Activity: Shown below are entries with pictures; the line with "Поставщик рекомендует использовать" through the line with "Klub Oœrodka Kultury" is the span to retype exactly, and the pictures stay out.

The data below:

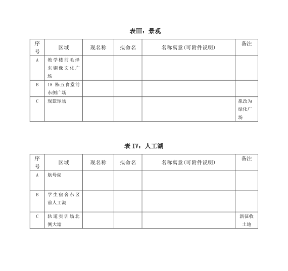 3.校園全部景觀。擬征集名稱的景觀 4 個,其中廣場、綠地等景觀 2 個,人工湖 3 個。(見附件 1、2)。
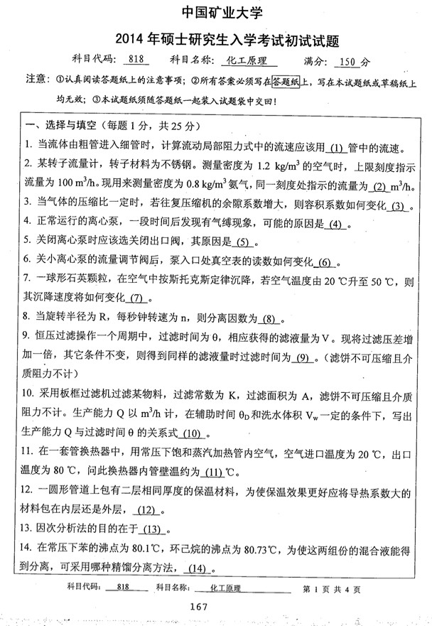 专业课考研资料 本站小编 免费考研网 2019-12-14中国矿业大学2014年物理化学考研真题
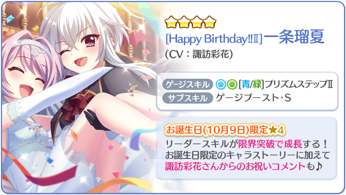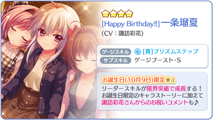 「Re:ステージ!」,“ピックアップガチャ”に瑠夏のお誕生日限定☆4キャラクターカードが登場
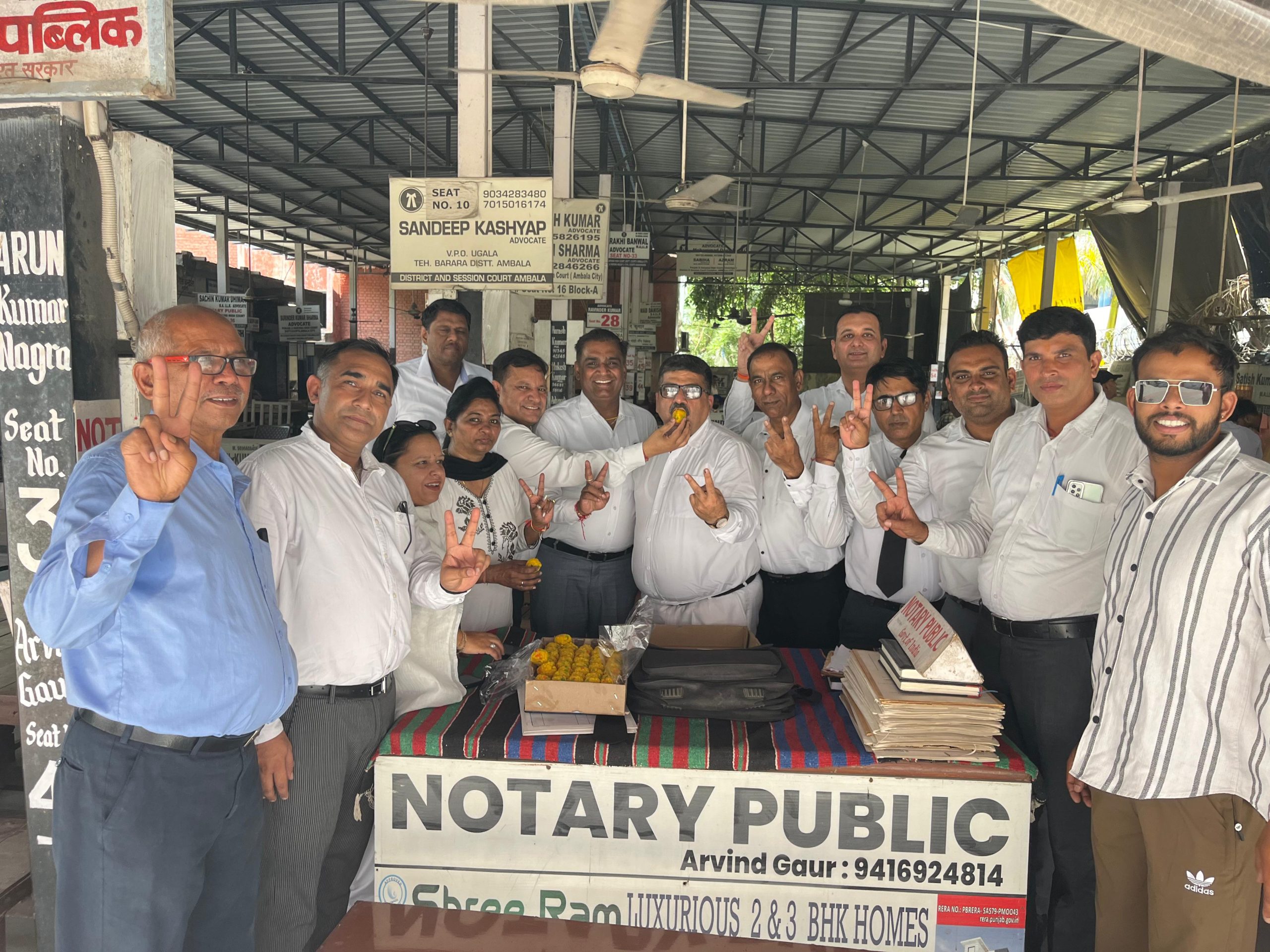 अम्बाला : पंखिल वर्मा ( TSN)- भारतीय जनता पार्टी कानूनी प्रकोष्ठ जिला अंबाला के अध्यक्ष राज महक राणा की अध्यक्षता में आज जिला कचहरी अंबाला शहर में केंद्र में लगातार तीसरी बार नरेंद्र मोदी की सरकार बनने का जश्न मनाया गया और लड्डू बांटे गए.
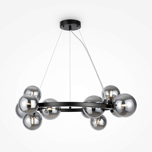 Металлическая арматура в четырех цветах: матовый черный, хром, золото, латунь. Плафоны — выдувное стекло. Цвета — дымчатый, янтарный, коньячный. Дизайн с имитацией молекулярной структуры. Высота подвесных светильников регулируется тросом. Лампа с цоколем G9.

End of The data.
The data below:

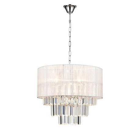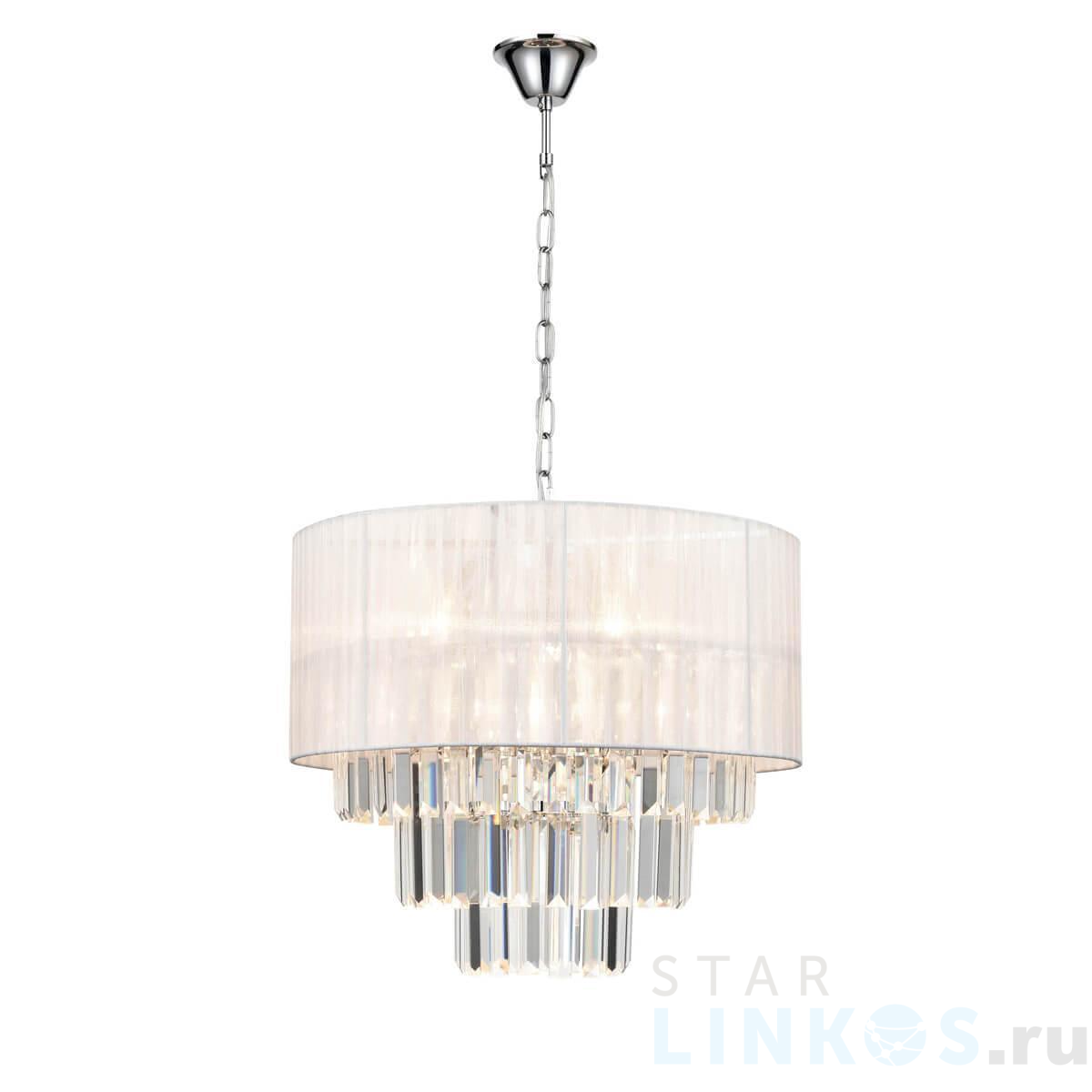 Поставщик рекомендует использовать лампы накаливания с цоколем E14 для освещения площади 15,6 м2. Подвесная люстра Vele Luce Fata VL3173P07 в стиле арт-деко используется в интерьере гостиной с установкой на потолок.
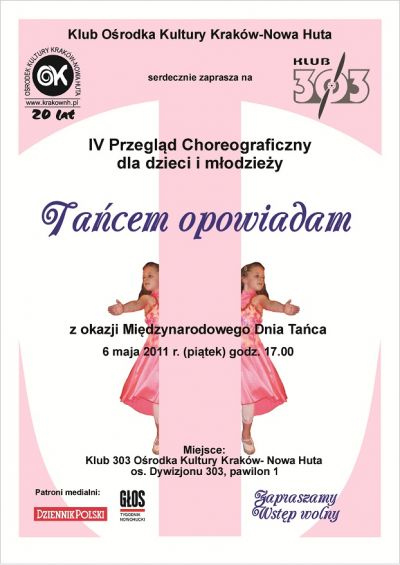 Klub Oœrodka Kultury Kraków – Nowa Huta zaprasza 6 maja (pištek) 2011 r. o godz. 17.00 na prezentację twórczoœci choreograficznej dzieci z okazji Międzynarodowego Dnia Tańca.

End of The data.

Your solution:
 Поставщик рекомендует использовать лампы накаливания с цоколем E14 для освещения площади 15,6 м2. Подвесная люстра Vele Luce Fata VL3173P07 в стиле арт-деко используется в интерьере гостиной с установкой на потолок.
 Klub Oœrodka Kultury Kraków – Nowa Huta zaprasza 6 maja (pištek) 2011 r. o godz. 17.00 na prezentację twórczoœci choreograficznej dzieci z okazji Międzynarodowego Dnia Tańca.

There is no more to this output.